- _Work order_
Line by line, repeat the data below exactly, beginning at the first line and ending at the line with "decorUhome Faux Fur". Omit pictures.

- _Extracted information_
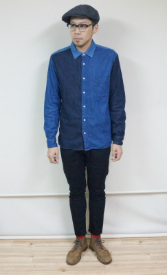経糸は硫化ブラックを使用し、インディゴとは違う全体的に色あせていく色落ちが楽しめます!!
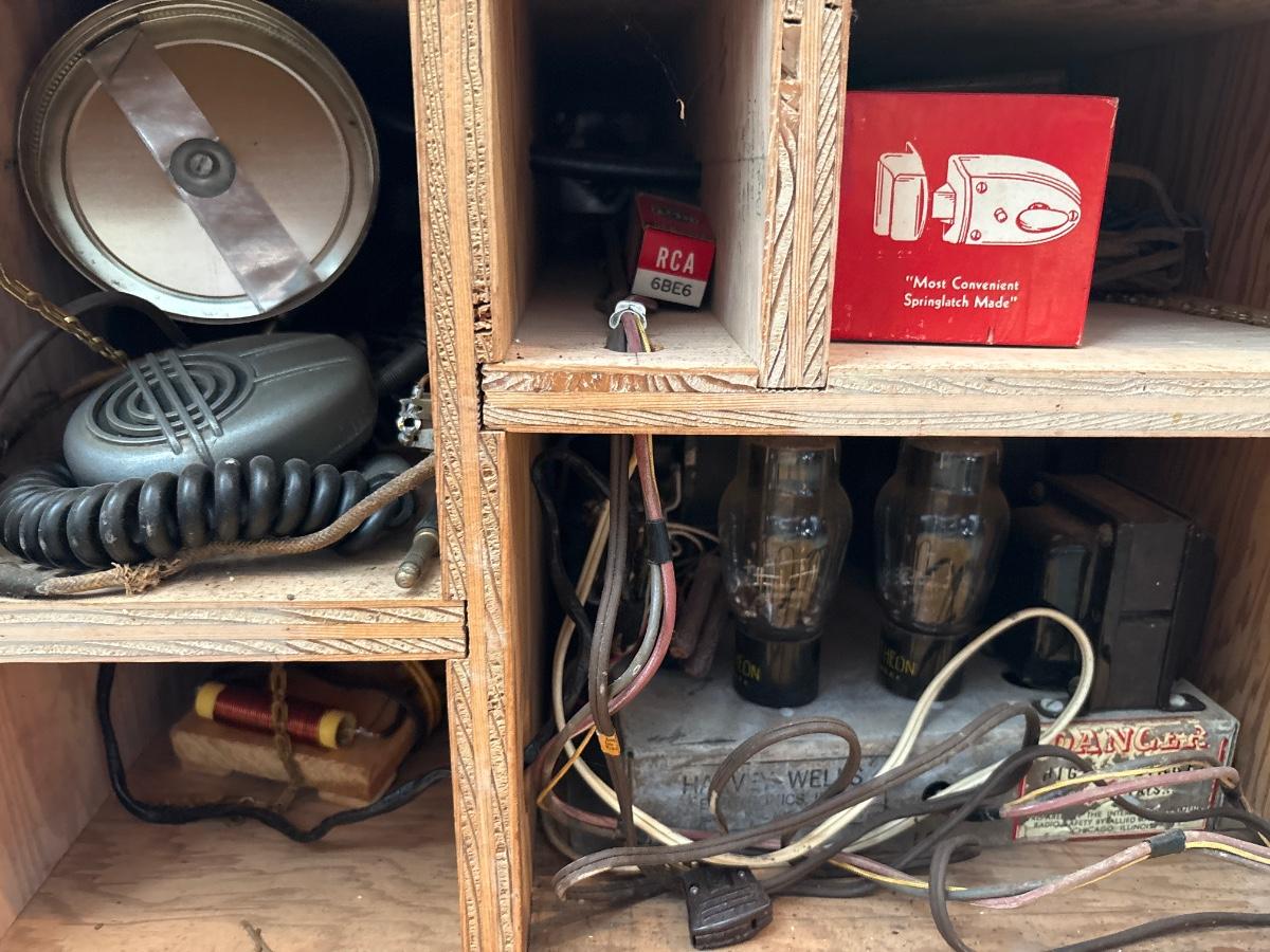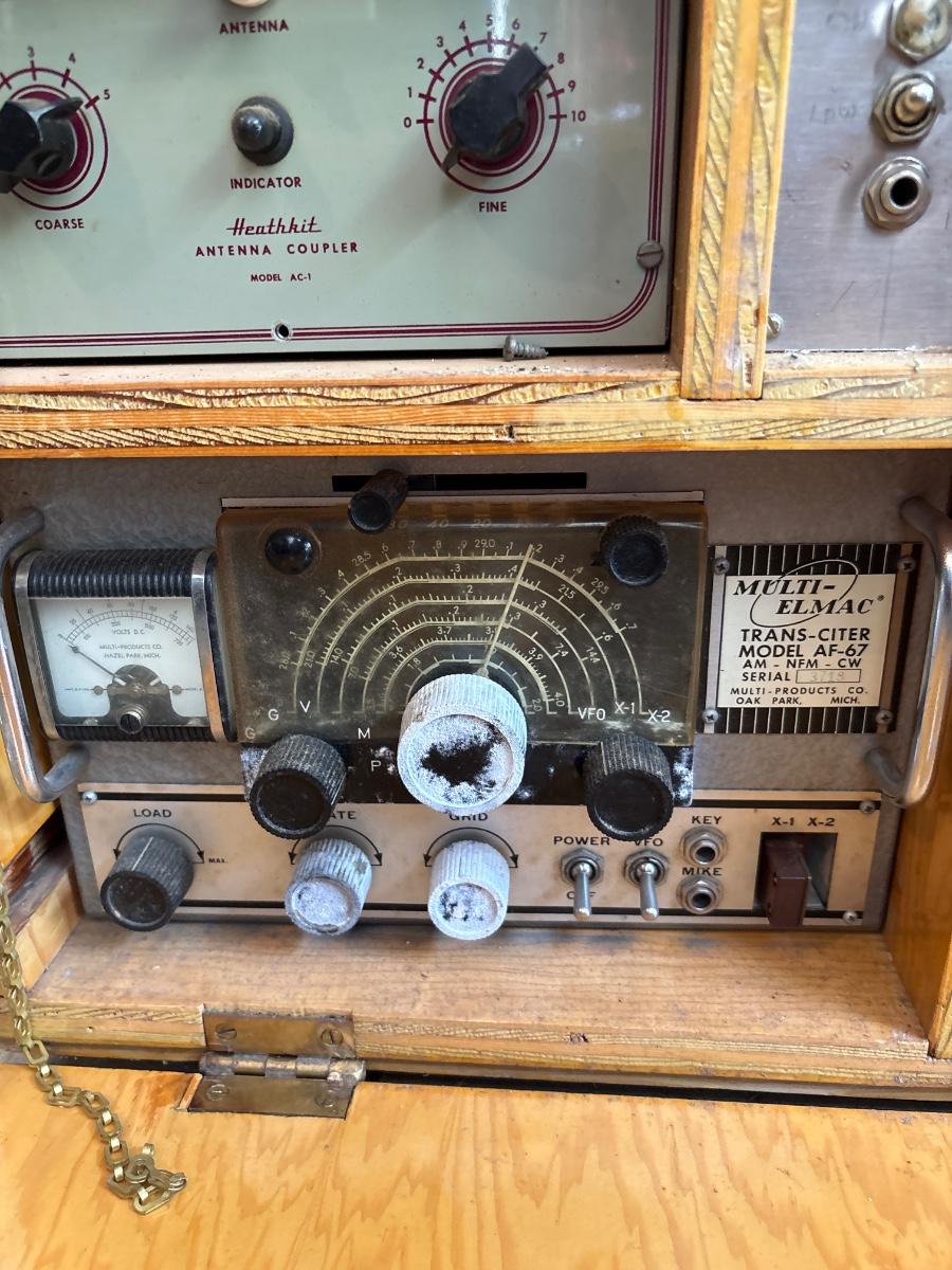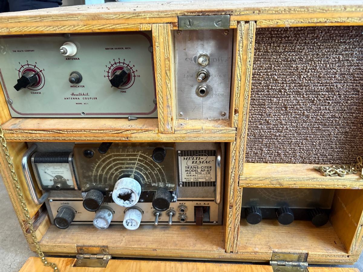 Vintage ham radio equipment in homemade box
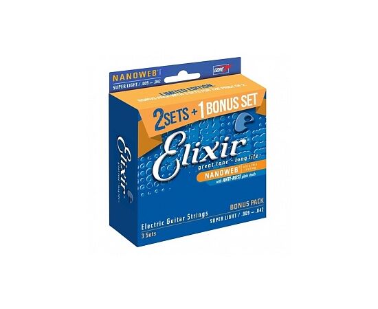 Elixir 16540 NANOWEB Cтруны для электрогитары, Super Light, 9-42, 3 комплекта
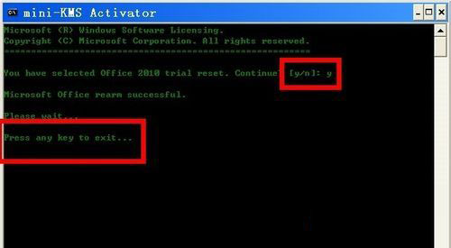 7、然后点击最下面的Rearm Office 2010,输入y,按回车,等待一会,出现"Prease any key to exit.。。",就可以把当前的对话窗口关闭了。
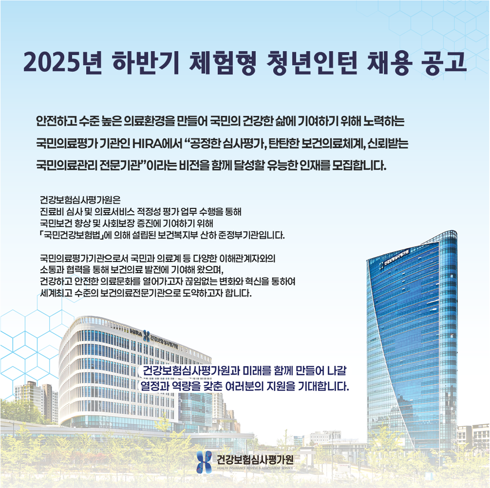 ※ 직무수행내용, 관련자격 등은 [별첨1] 직무설명자료 를 참고하여 주시기 바랍니다. ※ 모집분야별 적격자가 없는 경우 상기 채용예정인원 미만으로 채용할 수 있습니다. □ 공통 자격요건 ❍ 대한민국 국적을 가진 자 ❍ 임용예정일(’25. 12. 26.) 기준 만 15세 이상 ∼ 만 34세 이하인 자 - ’90. 12. 27. ~ ’10. 12. 26. 출생자에 한하여 응시 가능 ※ 「제대군인지원에 관한 법률」제2조에 의한 제대군인 및 「병역법」제26조제1항 각 호의 업무에 복무하고 소집 해제된 사회복무요원이 응시할 경우 상한 연령을 다음과 같이 연장함 ☞ (복무기간) 1년 미만: 1세 / 1년 이상 2년 미만: 2세 / 2년 이상: 3세 ❍ 임용예정일(’25. 12. 26.)부터 근무 가능한 자 ※ 학업 병행 등의 사유로 근무시간 조정 등 불가 ❍ 「병역법」제76조(병역의무 불이행자에 대한 제재)에 해당하지 않는 자 ※ 군필, 미필, 면제 및 임용예정일 전일('25. 12. 25.)까지 전역예정인 자는 지원 가능 ❍ 우리 원 「인사규정」 제14조(결격사유) [붙임1]에 해당하지 않는 자 ❍ 「공직자윤리법」 제17조(퇴직공직자의 취업제한)에 해당하지 않는 자 ❍ 우리 원 인턴으로 근무한 경험이 없는 자
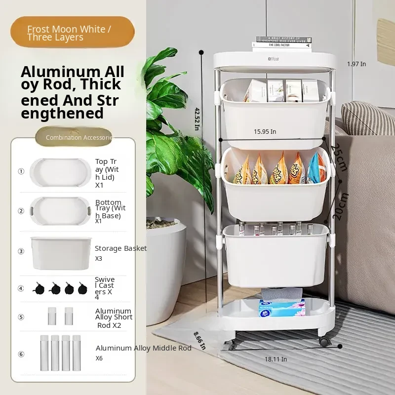 [Frost White-Aluminum Alloy Rod] Three-Layer Trolley Storage Rack (Free Universal Pulleys*4)
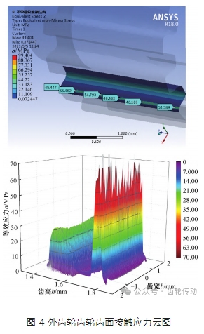 運用 ANSYS Workbench 18. 0 軟件對齒輪的接觸應(yīng)力進行分析,計算結(jié)果如圖 4 所示。在齒輪的嚙合位置處,齒面接觸應(yīng)力約為 55 MPa,且沿著齒寬方向應(yīng)力分布較均勻。
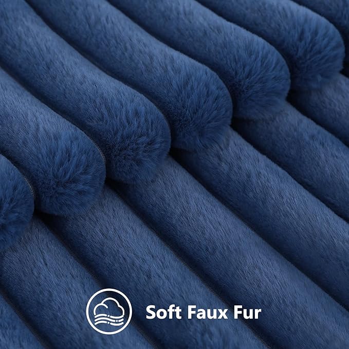 decorUhome Faux Fur Throw Pillow Covers 12x20 Set of 2, Decorative Soft Plush Striped Lumbar Neutral Couch Euro Pillow Covers with Velvet Back for Sofa, Bed, Living Room Home Decor, Blue
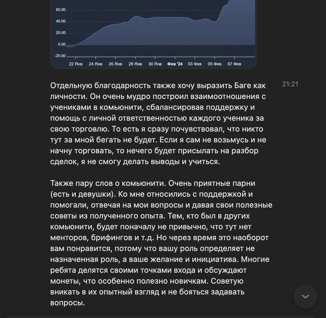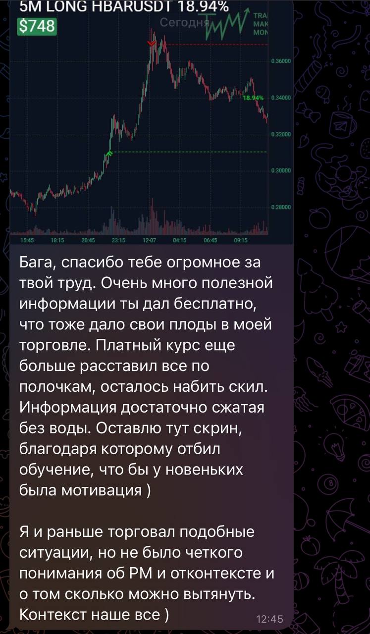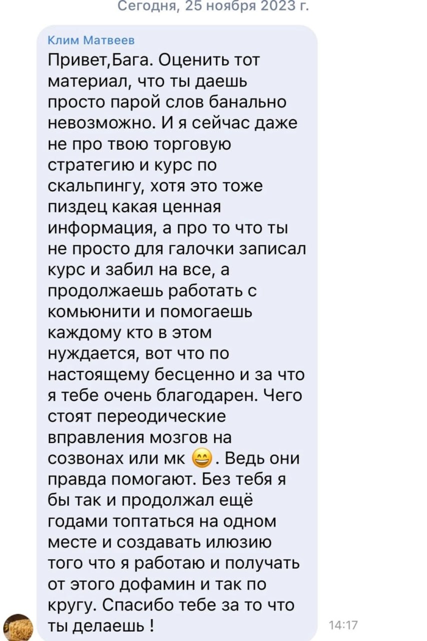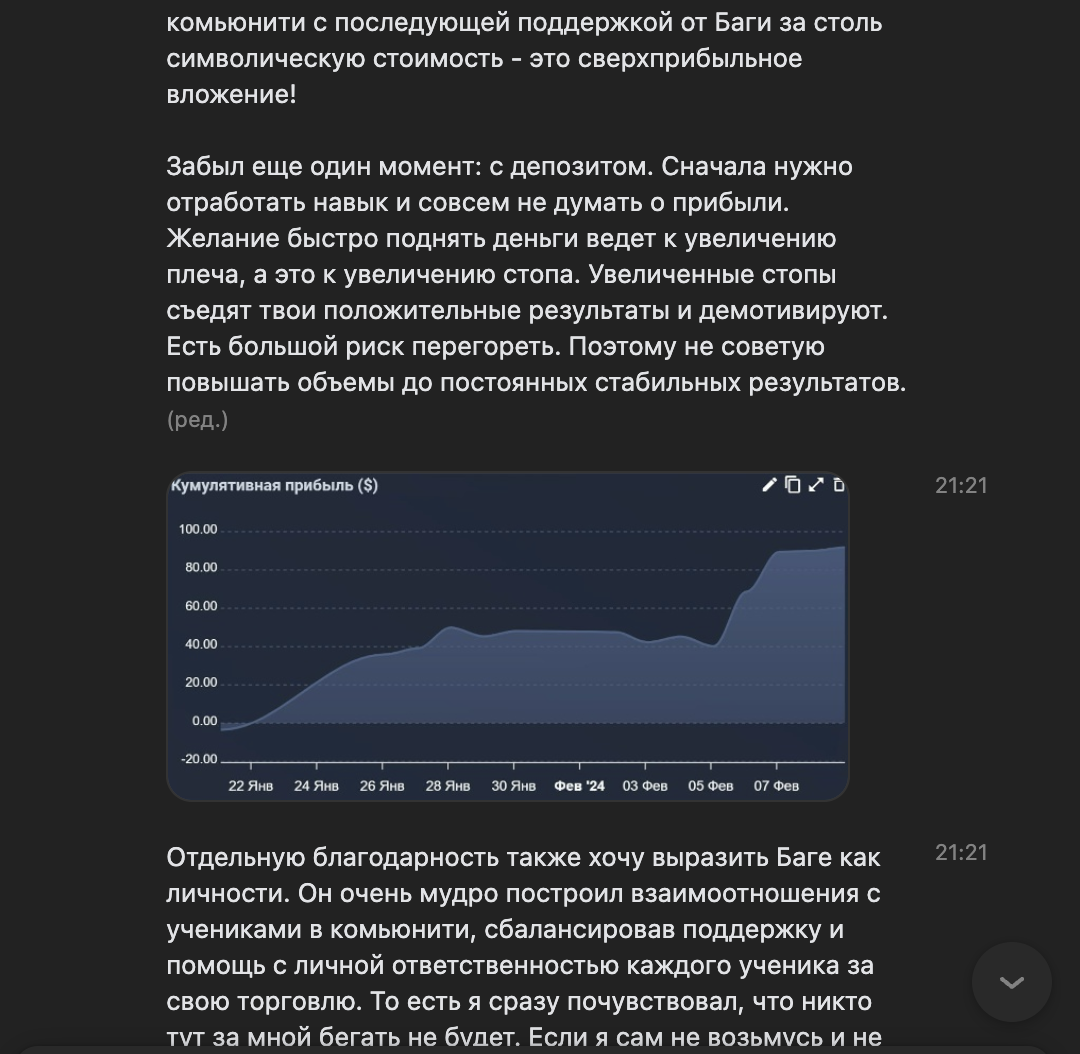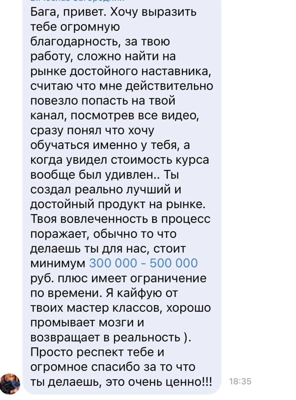 Я лично провожу совместную торговлю, мастер-классы и разборы ваших сделок — без кураторов, помощников и посредников. Если приглашаю коллег — только профессиональных трейдеров из цеха. Обучение можно начать в любой момент, доступ к материалам бессрочный.
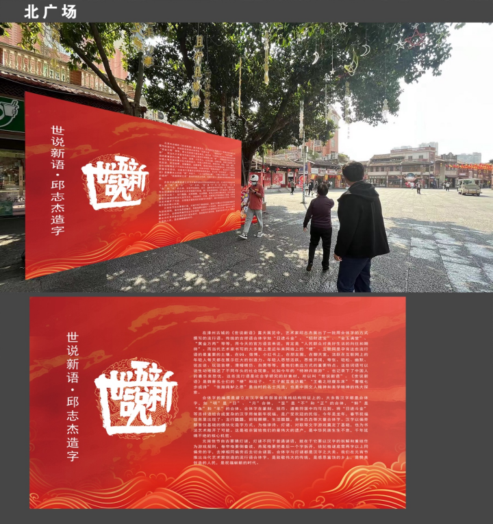 在漳州古城的《世说新语》露天展览中,中央美术学院副院长、艺术家邱志杰展出了一批用合体字的方式撰写的流行语。
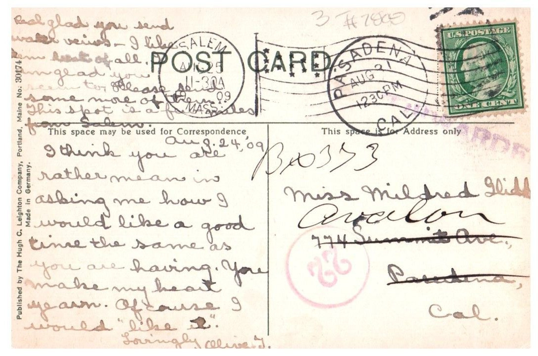Winham Lake Beverly Massachusetts Postcard Posted 1909
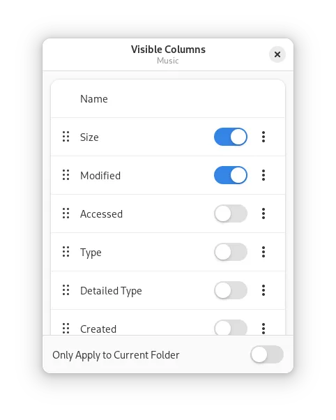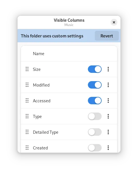 文件列表的列配置界面迎来全新设计!在使用了近 20 年相同的列选择器后,GtkTreeView 的弃用促使 Corey Berla 用包含现代小部件和设计的选择器取代了旧的选择器。这项增强功能,加上 Peter Eisenmann 的贡献,还允许更改全局或仅针对当前文件夹的可见列,而无需在“偏好设置”中重复旧的误导性界面。
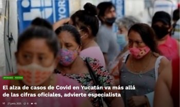 SUBREGISTRO, OCULTACIÓN Y OMERTÁ COVID MUNDIAL El alza de casos de Covid en Yucatán va más allá de las cifras oficiales, advierte especialista Posted on junio 27, 2025 por coronado https://www.yucatanalamano.com/el-alza-de-casos-de-covid-en-yucatan-va-mas-alla-de-las-cifras-oficiales-advierte-especialista/
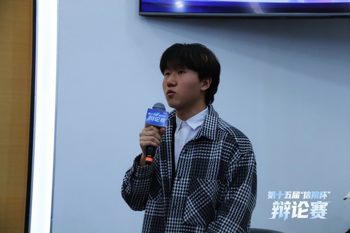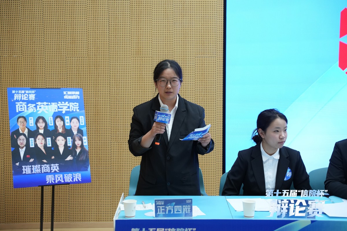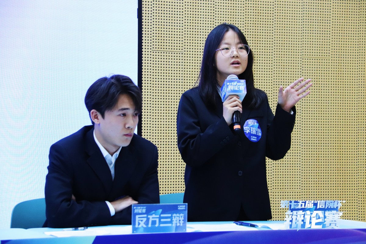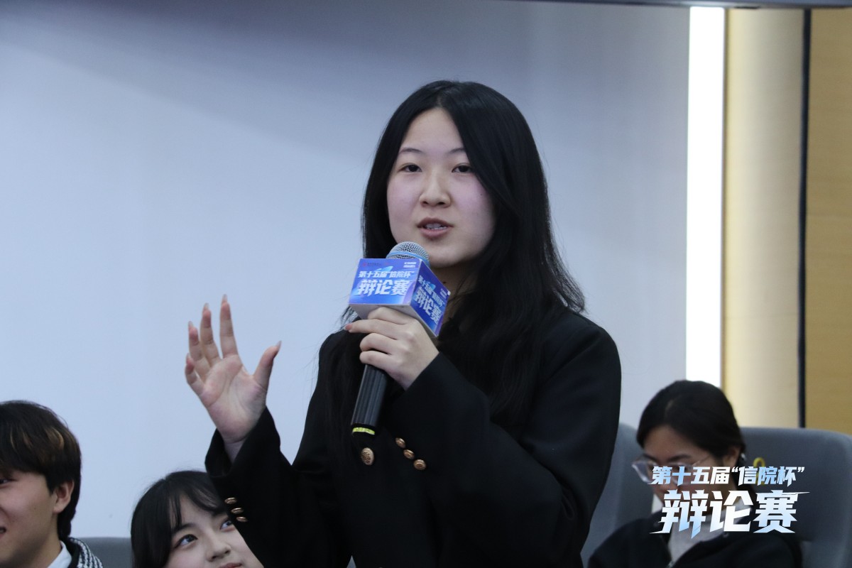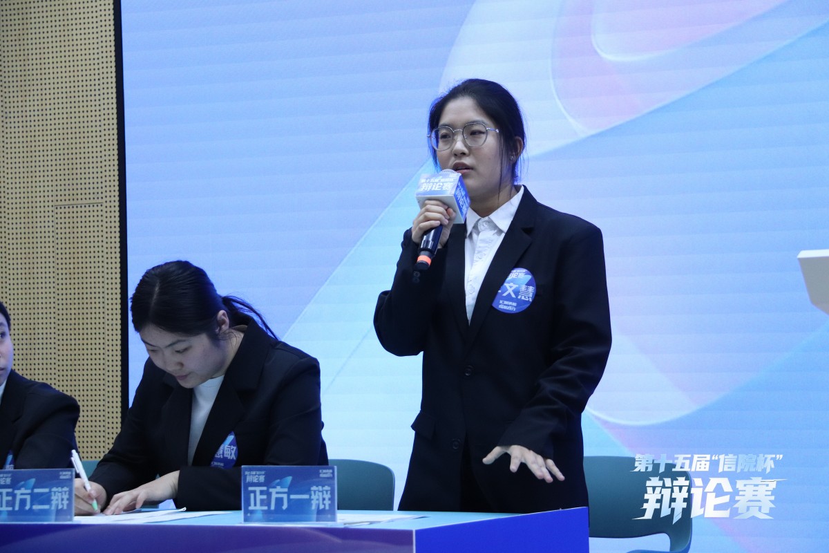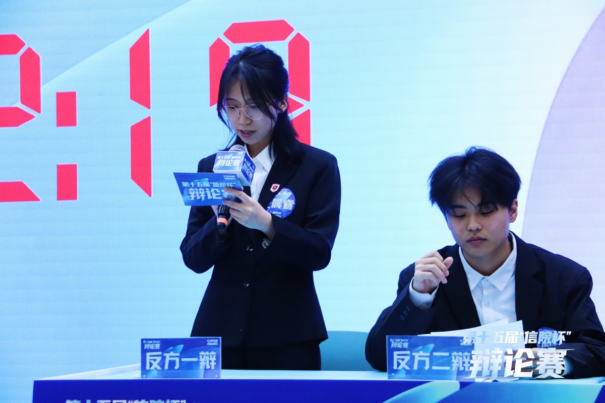 第十五届“信院杯”辩论赛的赛场,是辩手们进阶成长、展现实力的舞台。从小组循环赛的精准攻防,到决赛的巅峰对决,再到AI跨界辩论的创新尝试,每一场比拼都彰显着信院辩手的专业素养与思辨深度。赛场上辩手褪去青涩,以严谨的逻辑、流畅的表达,将青年对时代的思考、对价值的坚守融入辩词,在思想碰撞中锤炼自我、共同成长。

- _Solution for this task_
経糸は硫化ブラックを使用し、インディゴとは違う全体的に色あせていく色落ちが楽しめます!!
 Vintage ham radio equipment in homemade box
 Elixir 16540 NANOWEB Cтруны для электрогитары, Super Light, 9-42, 3 комплекта
 7、然后点击最下面的Rearm Office 2010,输入y,按回车,等待一会,出现"Prease any key to exit.。。",就可以把当前的对话窗口关闭了。
 ※ 직무수행내용, 관련자격 등은 [별첨1] 직무설명자료 를 참고하여 주시기 바랍니다. ※ 모집분야별 적격자가 없는 경우 상기 채용예정인원 미만으로 채용할 수 있습니다. □ 공통 자격요건 ❍ 대한민국 국적을 가진 자 ❍ 임용예정일(’25. 12. 26.) 기준 만 15세 이상 ∼ 만 34세 이하인 자 - ’90. 12. 27. ~ ’10. 12. 26. 출생자에 한하여 응시 가능 ※ 「제대군인지원에 관한 법률」제2조에 의한 제대군인 및 「병역법」제26조제1항 각 호의 업무에 복무하고 소집 해제된 사회복무요원이 응시할 경우 상한 연령을 다음과 같이 연장함 ☞ (복무기간) 1년 미만: 1세 / 1년 이상 2년 미만: 2세 / 2년 이상: 3세 ❍ 임용예정일(’25. 12. 26.)부터 근무 가능한 자 ※ 학업 병행 등의 사유로 근무시간 조정 등 불가 ❍ 「병역법」제76조(병역의무 불이행자에 대한 제재)에 해당하지 않는 자 ※ 군필, 미필, 면제 및 임용예정일 전일('25. 12. 25.)까지 전역예정인 자는 지원 가능 ❍ 우리 원 「인사규정」 제14조(결격사유) [붙임1]에 해당하지 않는 자 ❍ 「공직자윤리법」 제17조(퇴직공직자의 취업제한)에 해당하지 않는 자 ❍ 우리 원 인턴으로 근무한 경험이 없는 자
 [Frost White-Aluminum Alloy Rod] Three-Layer Trolley Storage Rack (Free Universal Pulleys*4)
 運用 ANSYS Workbench 18. 0 軟件對齒輪的接觸應(yīng)力進行分析,計算結(jié)果如圖 4 所示。在齒輪的嚙合位置處,齒面接觸應(yīng)力約為 55 MPa,且沿著齒寬方向應(yīng)力分布較均勻。
 decorUhome Faux Fur Throw Pillow Covers 12x20 Set of 2, Decorative Soft Plush Striped Lumbar Neutral Couch Euro Pillow Covers with Velvet Back for Sofa, Bed, Living Room Home Decor, Blue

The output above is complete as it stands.